Within the development envelope, Sh 1,602,449,735,000 will be sourced domestically, while Sh 859,915,101,000 is projected to come from external financing partners.
April 23, 2026

Tanzania has unveiled a record-breaking energy sector budget exceeding two trillion shillings, signaling an intensified national push to expand electricity infrastructure, strengthen energy security, and accelerate industrial transformation.

Presenting the Ministry of Energy’s estimates for the 2026/2027 financial year in Parliament in Dodoma on April 22, 2026, Energy Minister Deogratius Ndejembi requested approval of a total budget of Sh 2,525,401,129,000 for the ministry and its affiliated institutions.

The allocation marks one of the largest energy-sector commitments in the country’s recent history, underscoring the government’s strategic focus on power generation, transmission expansion, and diversification of energy sources to meet rising domestic and industrial demand.

According to the budget breakdown, a dominant share of Sh 2,462,364,836,000, equivalent to 97.5 percent of the total allocation, has been directed toward development expenditure. This funding is expected to drive large-scale energy infrastructure projects, including generation expansion, grid modernization, and investment in both conventional and renewable energy systems.

Within the development envelope, Sh 1,602,449,735,000 will be sourced domestically, while Sh 859,915,101,000 is projected to come from external financing partners. Officials say this blended financing structure reflects growing domestic capacity while maintaining strong international collaboration in the energy sector.

Only Sh 63,036,293,000, or 2.5 percent of the total budget, has been allocated to recurrent expenditure. This portion covers administrative operations across the ministry and its agencies, including the Petroleum Upstream Regulatory Authority (PURA).

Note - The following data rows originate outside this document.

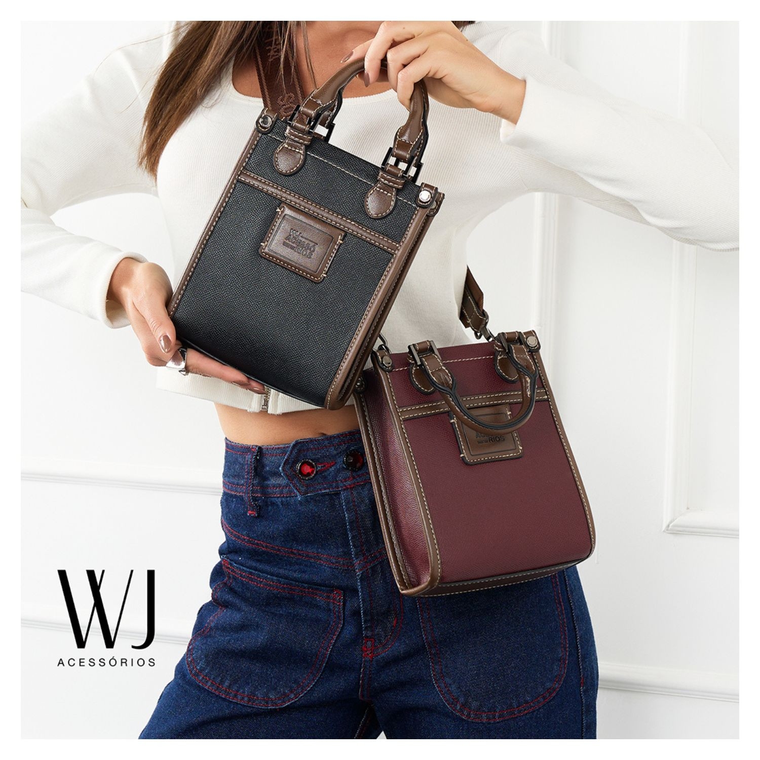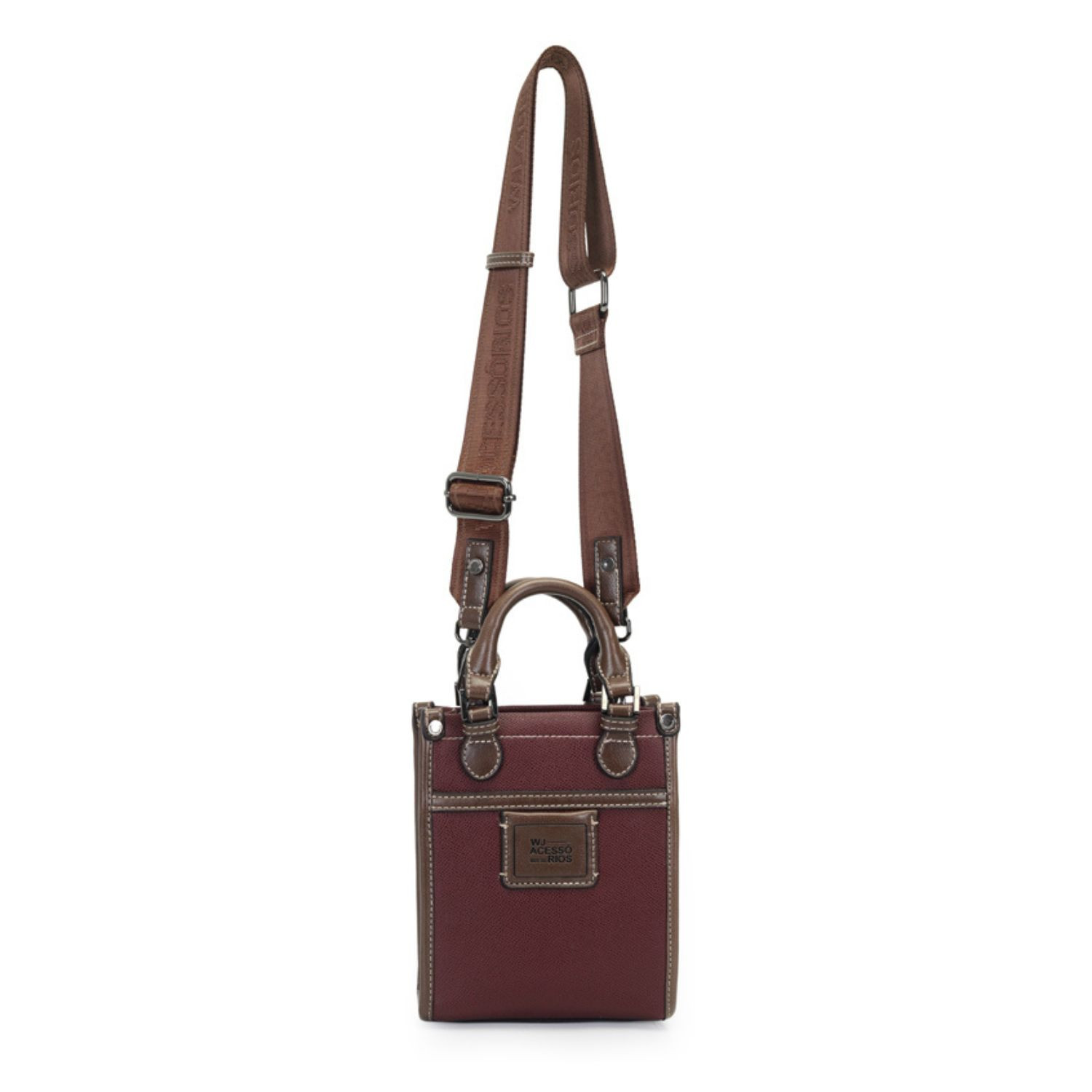 Bolsa Couro Eco, Retangular Media Com Alça de Mão e Transversal Larga Marrom.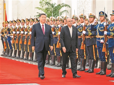 天安门广场鸣放21响礼炮,礼兵列队致敬。两国元首登上检阅台,军乐团奏中巴两国国歌。扎尔达里在习近平陪同下检阅中国人民解放军仪仗队,并观看分列式。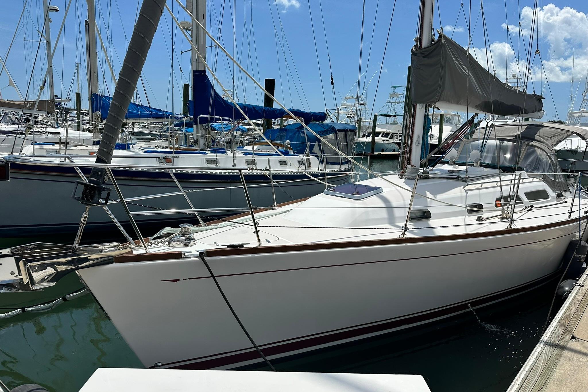 "Champagne Lady" is a one owner beauty that has spent her entire life in the North East Florida area doing coastal cruising and local sailing. Her knowledgeable owner has maintained her in top condition. She has been monthly cleaned above and below the water. Regular engine maintenance and bottom painting has kept her in ready to go condition.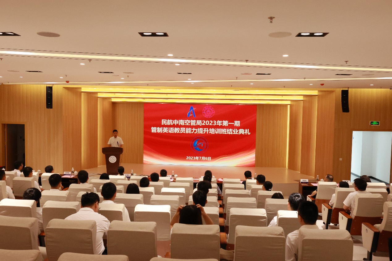 7月6日上午,培训班结业典礼在民航学院报告厅隆重举行,我校党委副书记刘宇雷、民航中南空管局副局长廖超豪、民航学院院长孙建红、副院长田勇、院校教师、中南空管局管制员等参加结业典礼,仪式由中南空管局培训中心副主任曹亮主持。
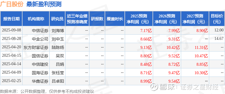 以下是详细的盈利预测信息: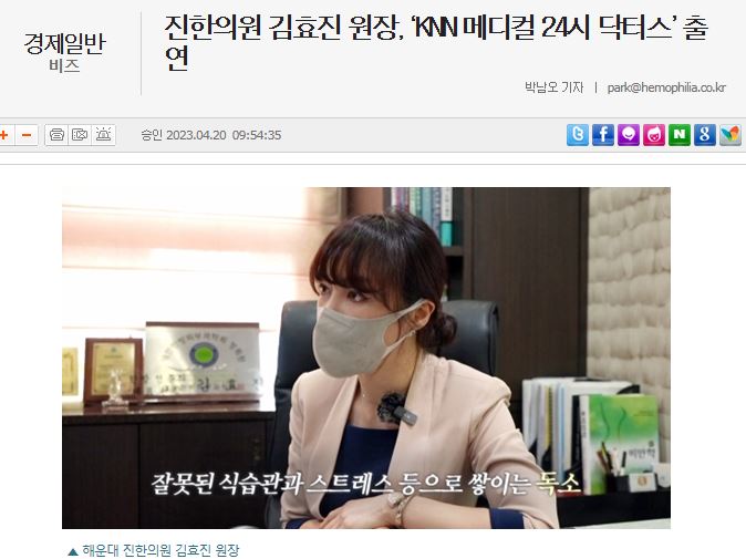 해운대 진한의원 김효진 원장이 4월 24일(월) KNN 메티컬 24시 닥터스 1부에 출연, ‘만병의 근원 내장지방을 잡아라!’란 주제로 건강 정보를 전달한다고 전했다.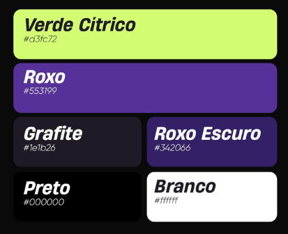 A logo, composta por uma estrela em pixel art, simboliza criatividade, orientação e destaque, funcionando como um elemento central de reconhecimento visual da marca. A escolha das cores, com predominância do roxo e do verde, reforça o caráter tecnológico e inovador, ao mesmo tempo em que cria contraste e personalidade.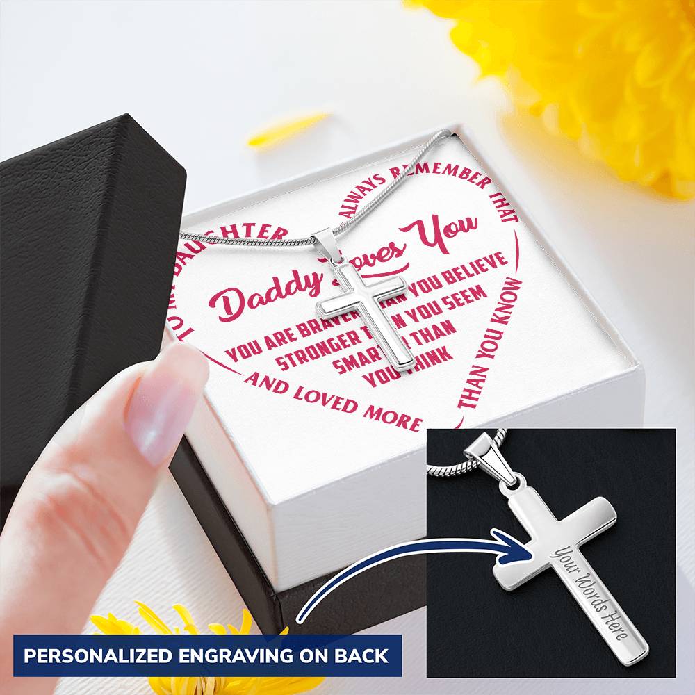 Birthday Gift - Gift For Daughter - Heart Jewelry - To My Daughter - Birthday Present - Customize Engraved Cross Necklace

From the recurrent allocation, Sh 52,939,075,000 is earmarked for other operational costs, while Sh 10,097,218,000 is designated for salaries and staff remuneration within the ministry and its regulatory institutions.

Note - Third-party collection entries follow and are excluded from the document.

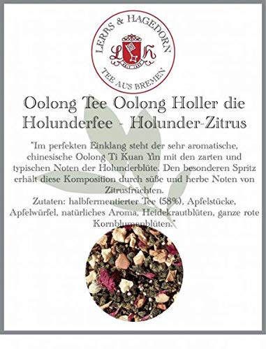 The highly aromatic, Chinese Oolong Ti Kuan Yin is in perfect harmony with the delicate and typical notes of elderflower. The special spray gets this composition from sweet and sweet notes of citrus fruits.Lerbs Hagedorn, Oolong Thee Oolong Holler de Holunderfee 1kg (ca. 81 liter) met stukjes appel, heide, korenbloem De zeer aromatische, Chinese Oolong Ti Kuan Yin is perfect in overeenstemming met de delicate en typische noten van vlierbloesem. De bijzondere spray krijgt deze samenstelling door zoete en zoete noten van citrusvruchten.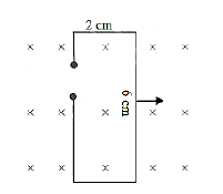A rectangular loop of sides 6 cm and 2 cm with a small cut is moving out of a region of uniform magnetic field of magnitude 0.4 T directed normal to the loop. The voltage developed across the cut if velocity of loop is in a direction normal to the longer side is:
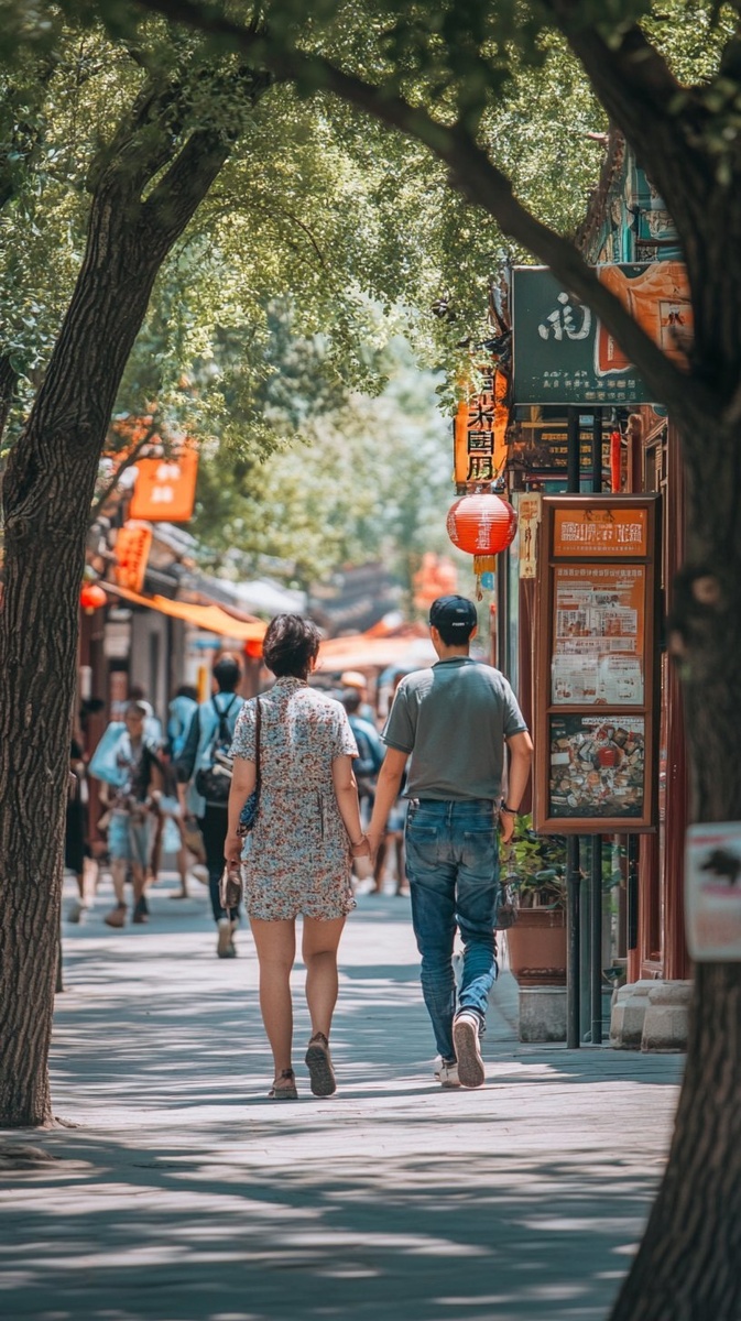 Создано на основе запроса: tourists in modern clothing walking past the forbiden city in beijing with signs for restrooms

Also Read; Africa Expands Trade Links as Regional Integration Accelerates

Government officials describe the budget structure as deliberately development-heavy, reflecting a policy shift toward long-term infrastructure investment over operational spending. The approach is intended to accelerate electricity access, enhance reliability, and support Tanzania’s growing industrial base.

The energy sector is widely regarded as a central pillar of Tanzania’s economic transformation agenda. Expanding electricity generation capacity and strengthening transmission networks are seen as critical to supporting manufacturing, mining, digital infrastructure, and urban development.

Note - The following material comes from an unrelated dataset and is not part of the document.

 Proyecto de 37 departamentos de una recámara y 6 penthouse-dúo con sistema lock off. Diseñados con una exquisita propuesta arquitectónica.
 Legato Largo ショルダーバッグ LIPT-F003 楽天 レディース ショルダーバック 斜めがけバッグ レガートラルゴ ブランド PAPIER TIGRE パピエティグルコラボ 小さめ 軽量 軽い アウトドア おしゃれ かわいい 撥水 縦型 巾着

Analysts note that the scale of investment positions Tanzania among the most ambitious energy expansion programs in East Africa, particularly as the country continues to integrate multiple energy sources, including hydropower, natural gas, solar, wind, and geothermal systems.

The government has also emphasized its ambition to enhance regional energy connectivity, with Tanzania increasingly viewed as a potential power hub for the Eastern and Southern African electricity markets.

Minister Ndejembi reiterated that sustained investment in the sector is essential for ensuring long-term energy security, improving living standards, and supporting inclusive economic growth. He added that the approved budget will enable continued implementation of strategic energy projects designed to meet both current and future demand.

If implemented as planned, the 2026/2027 budget is expected to significantly strengthen Tanzania’s energy infrastructure base and reinforce its position as a rising regional player in electricity generation and distribution.